III - Zostaw Marka

303 24 0
                                    

Kiedy było już naprawdę ciemno chłopacy poszli do sypialni. Wreście tam poszli żeby tylko spać. Poszłam do swojego legowiska, a tu nagle ten debil na nim śpi. Byłam wściekła, ale nie miauczałam bo bym obudziłam Marka. Stwierdziłam, że najlepszym rozwiązaniem tego problemu, będzie położenie się na łóżku Marka i Łukasza. Tak też zrobiłam.

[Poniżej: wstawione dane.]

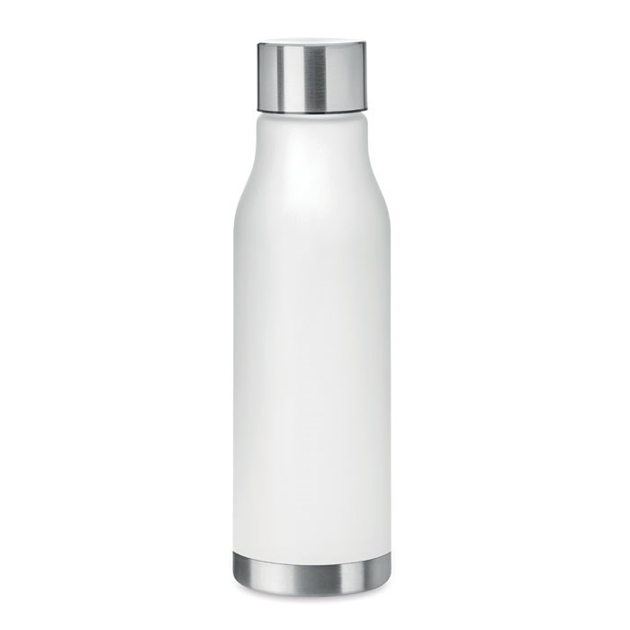 Lekvrije RPET drinkfles met rubber finish en roestvrijstalen dop met RPET binnenwerk en siliconen ring. Inhoud 600ML. Niet geschikt voor koolzuurhoudende drankenLekvrij.

Obudził mnie budzik Marka. Pamiętam, że mieli nagrywać dzisiaj nowy film. Nie pamiętam o czym. Po jakimś czasie, nie znam się na zegarze, mieliśmy razem z kotem i z chłopakami iść do lasu nagrać film. No dobra. Łukasz udawał, że znajduje tego kota. Marek, że jest na niego wkurzony. Było dobrze. Ale potem Marek chciał żebyśmy się razem bawili. Nie ma opcji. Na szczęście potem odrazu poszliśmy do domu. Na potrzeby filmu Marek dał mu mój kawior. Z jednej strony go nie lubię, a z drugiej strony skręcało mnie, że przybłeda je kawior z 300 złotych. Ale to co zrobił Łukasz było przegięciem. Kiedy Marek poszedł gdzieś na chwilę, on dał kurduplowi moją zwykłą karmę w fioletowych saszetkach. Kiedy skończyli to nagrywać, Marek chwycił kota i coś mówił do kamery. Wtedy kot go zaczął drapać. Zaczęłam miauczeć żeby przestał. Wtedy Łukasz go wziął. Jego to wszystkie koty lubią. Kiedyś Marek mówił, że dziewczyny też go kochają. Mówił to tak jakby był zazdrosny. Na szczęście w miarę szybko skończyliśmy nagrywanie. Potem Kasia, kucharka Marka, przygotowała nam jedzenie i znowu dostałam kawior. Później Łukasz montował film, a ja z Markiem bawiliśmy się i oglądaliśmy Animal Planet.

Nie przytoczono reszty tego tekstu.